We stood at the mirror side by side, fixing our makeup.

For a second we caught each other’s reflection and something passed between us.

It was understanding, forgiveness, and the quiet recognition that we were both survivors of a man who never deserved either of us.

The party was in full swing when we walked back out.

Justice was at the center of it looking happier than I’d seen him in months.

Prime had Zainab wrapped up from behind, swaying to the music, whispering something in her ear that made her throw her head back and laugh.

Serenity was chatting with Xander. I gave her an eye and she winked back at me.

Kacey smoothed her dress, took a breath, and walked toward the bar. She ordered a drink and within thirty seconds a man in a tailored suit was already trying to make conversation.

I felt Quest’s hand on my waist before I heard his voice.

“Took you too long,” he whispered, pulling me onto the dance floor.

“Girl stuff,” I said. He didn’t need the details. Not tonight.

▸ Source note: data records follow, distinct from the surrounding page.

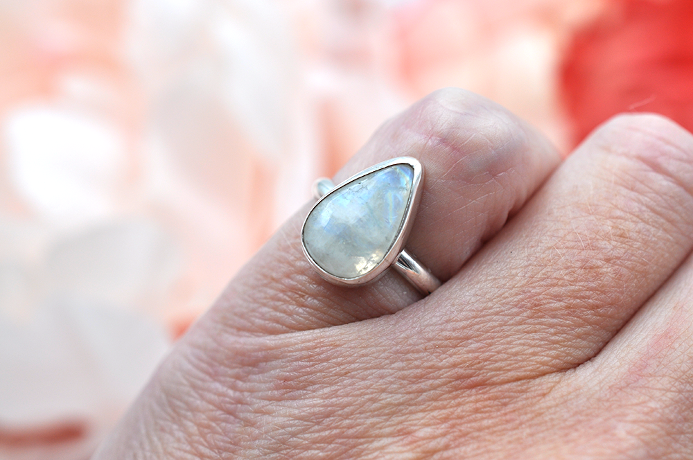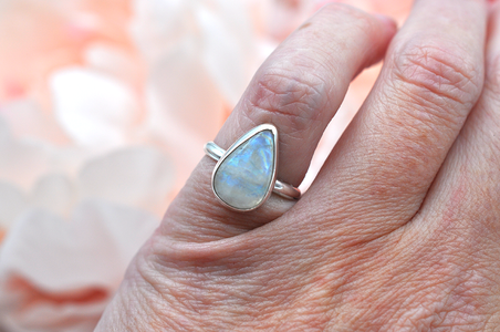 Looking for a ring that literally goes with every outfit, then rainbow moonstone is your stone. This teardrop moonstone has a bright purple and blue flash depending on the angle at which the light is hitting the stone. The design is simple and minimalistic. The small ring size makes this perfect for someone with small fingers. Comfortable and can easily be worn daily.
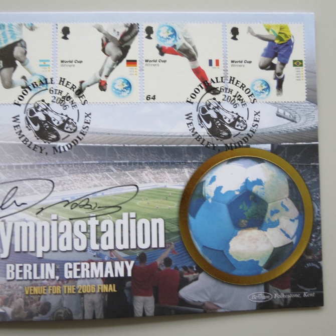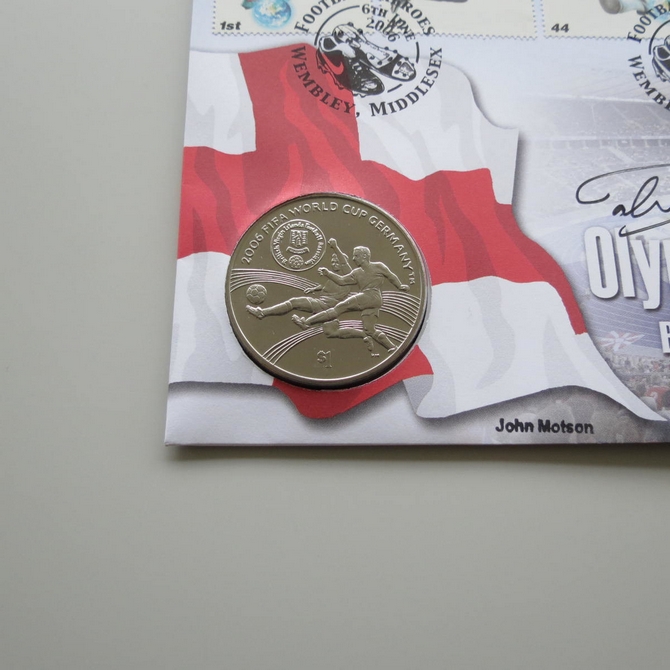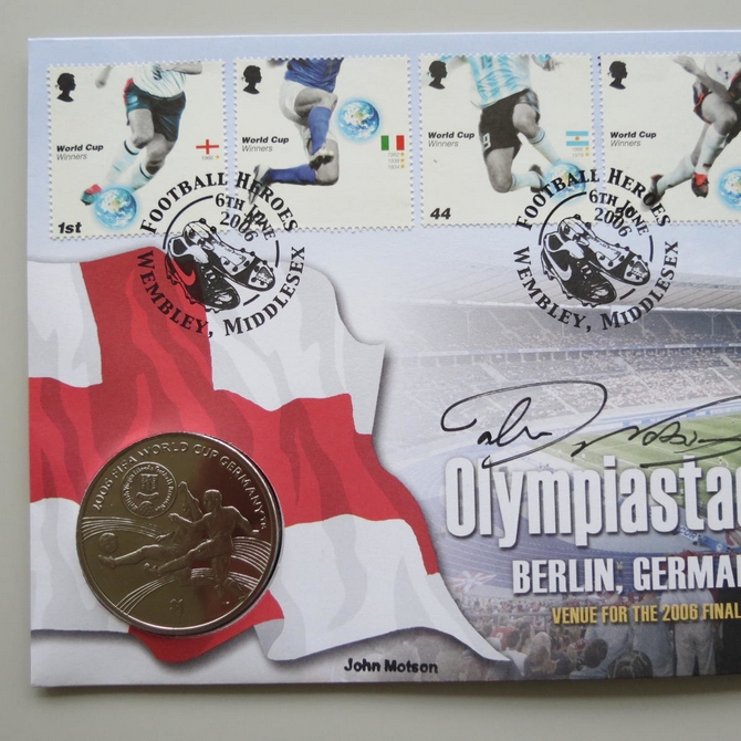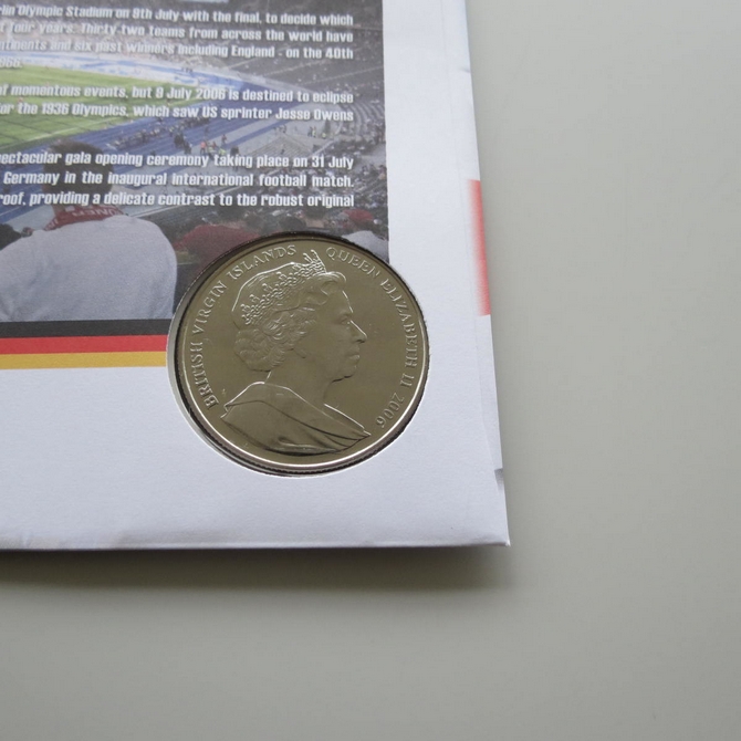 This 2006 Footbal World Cup Germany Olympiastadion 1 Dollar coin cover is issued by Benham as signed First Day Covers. FDC hand signed by John Motson. It hosts a brilliant uncirculated one dollar coin from British Virgin Islands and Royal Mail stamps. Postmark cancelled dated 6th June 2006.
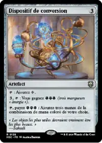 Dispositif de conversion fournit du mana incolore et peut accélérer votre sortie. En échange de 3 manas, vous pourrez produire 3 énergies par tour. À l'inverse, le Dispositif peut s'engager en payant 3 énergies pour vous donner 3 manas incolores et ainsi jouer vos cartes les plus chères.
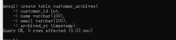-> insert into customer_archives (customer_id,name,email,archived_at)
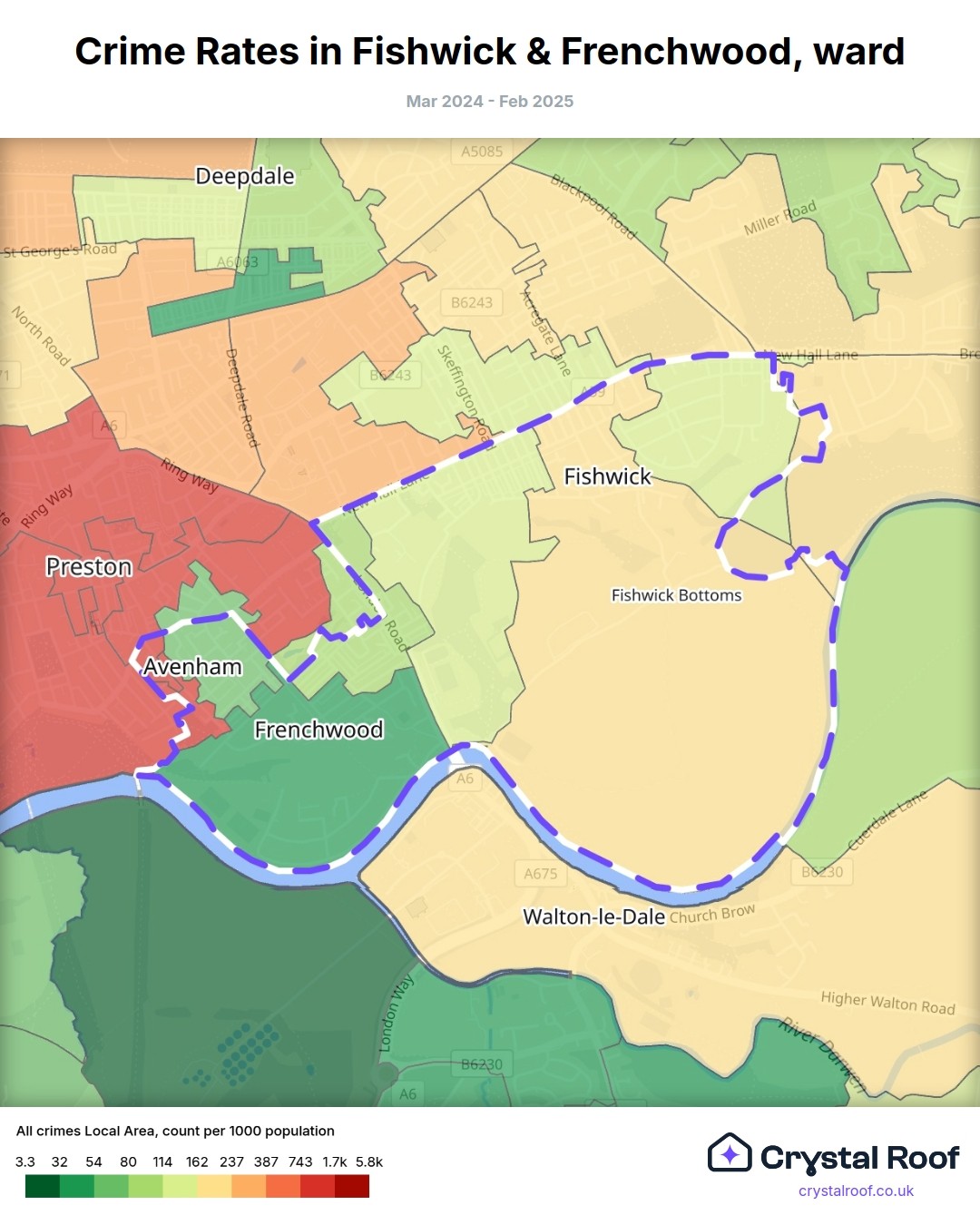 Fishwick & Frenchwood, (ward) includes areas with the following crime ratings (see map):

He pulled me close and we started swaying. The DJ had slowed it down. The lights were low and for a moment it was just us. His hand rested on my hip, my head against his chest, and I could hear the steady beat of his heart under my ear.

“We gotta get back to planning that wedding,” he said. “Now that you’ve healed and the baby is thriving, I don’t want to wait anymore.”

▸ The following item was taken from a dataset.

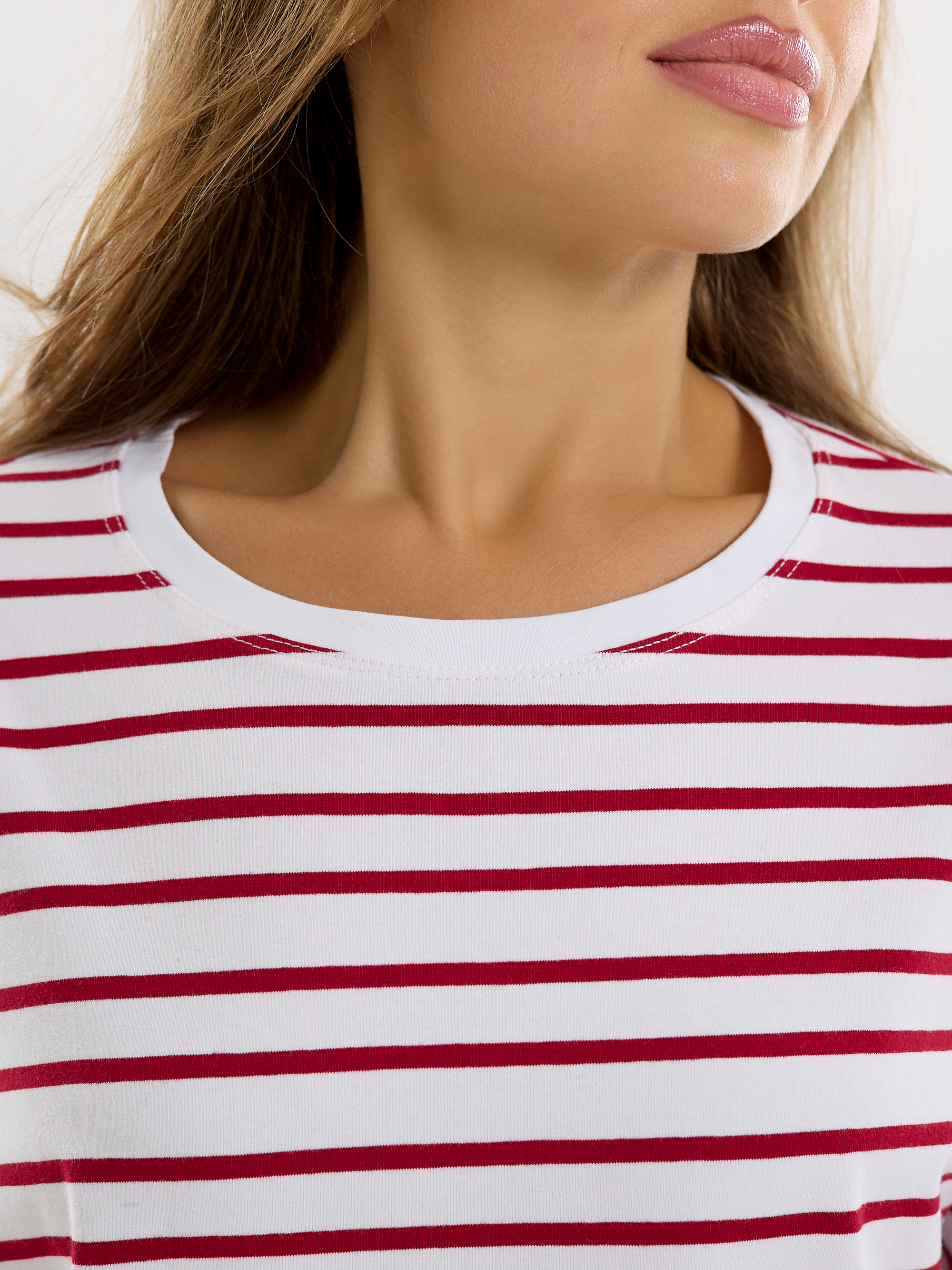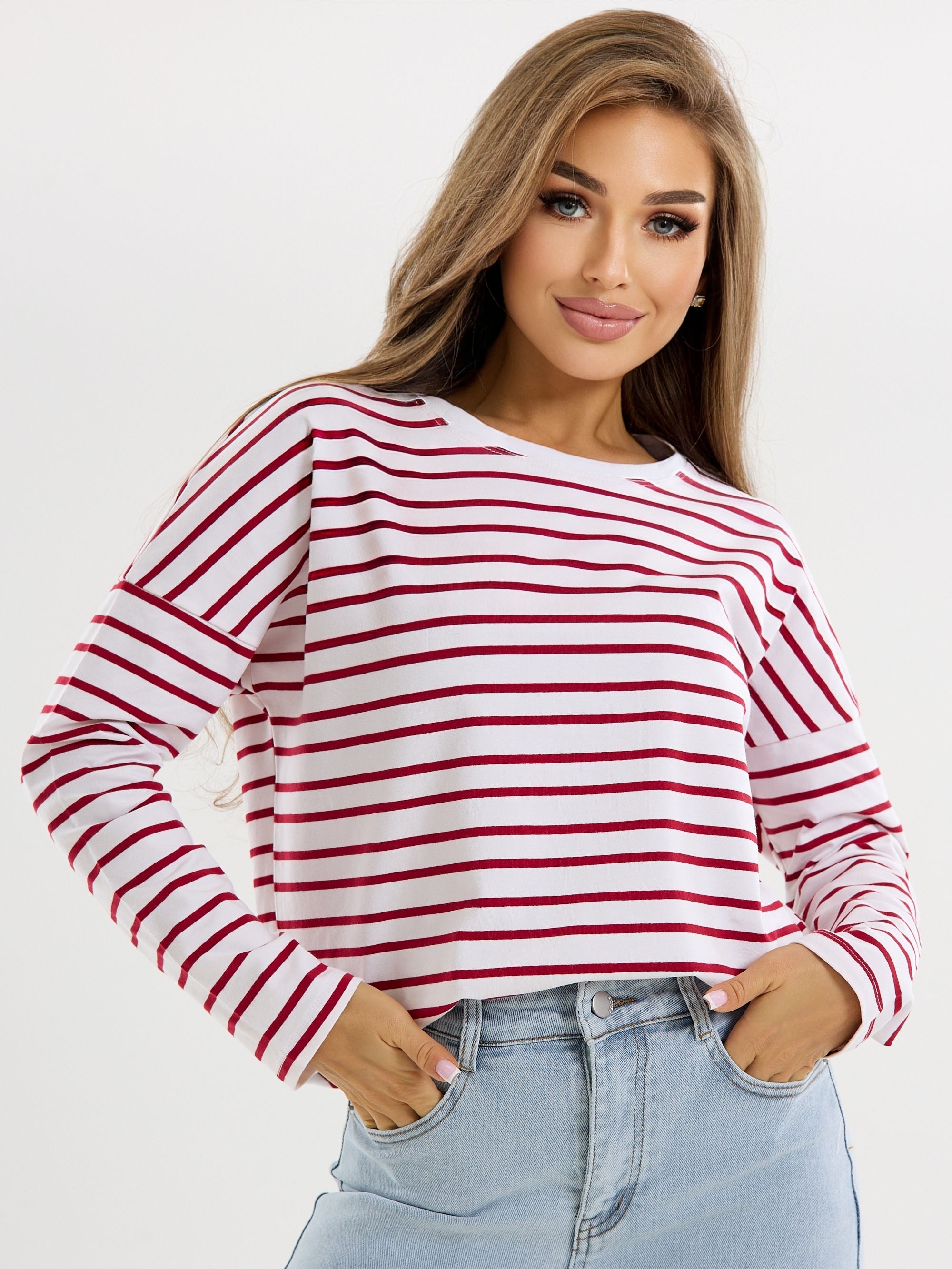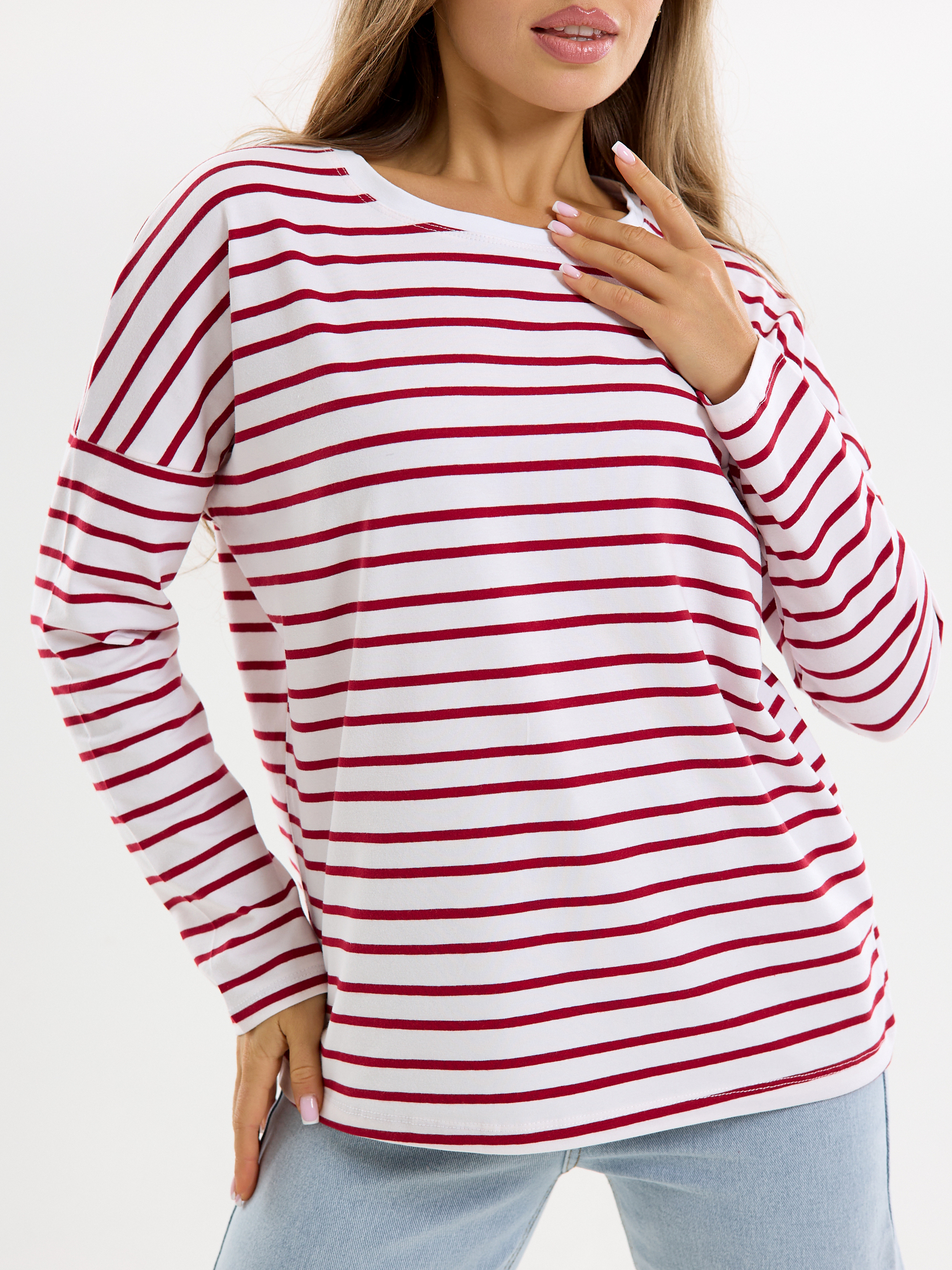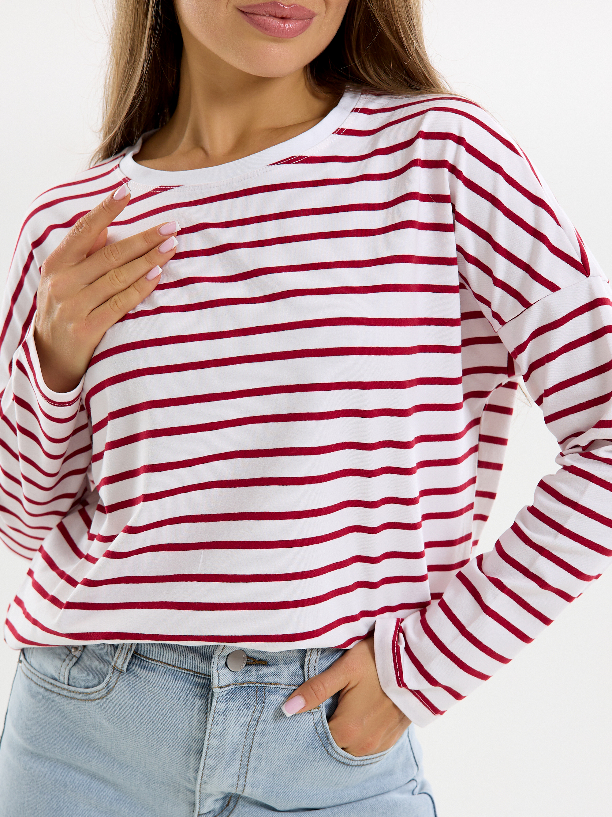Лонгслив "Полоска" (красн) спущенное плечо

“I’ll call the planner on Monday.” I looked up at him. “But tonight we’re celebrating your brother. He deserves this.”

“He does.” Quest smiled. “But I’m still stealing one more dance with my future wife.”

“You can have as many as you want.”

He kissed my forehead and pulled me tighter against him. The music played and the family laughed around us. The casino glittered like a palace built from hustle, sacrifice, and loyalty.

I closed my eyes and let myself feel it. All of it. The warmth of his body, the safety of his arms, and the knowledge that I had walked through fire, survived the ocean, buried enemies, forgiven strangers, and come out the other side holding the hand of a man who would burn the world down for me.

“I love you, Quest. You are the best thing that ever happened to me.”

“I know,” he said. “And you’re mine.”

We danced until the song ended. Then we danced through the next one too.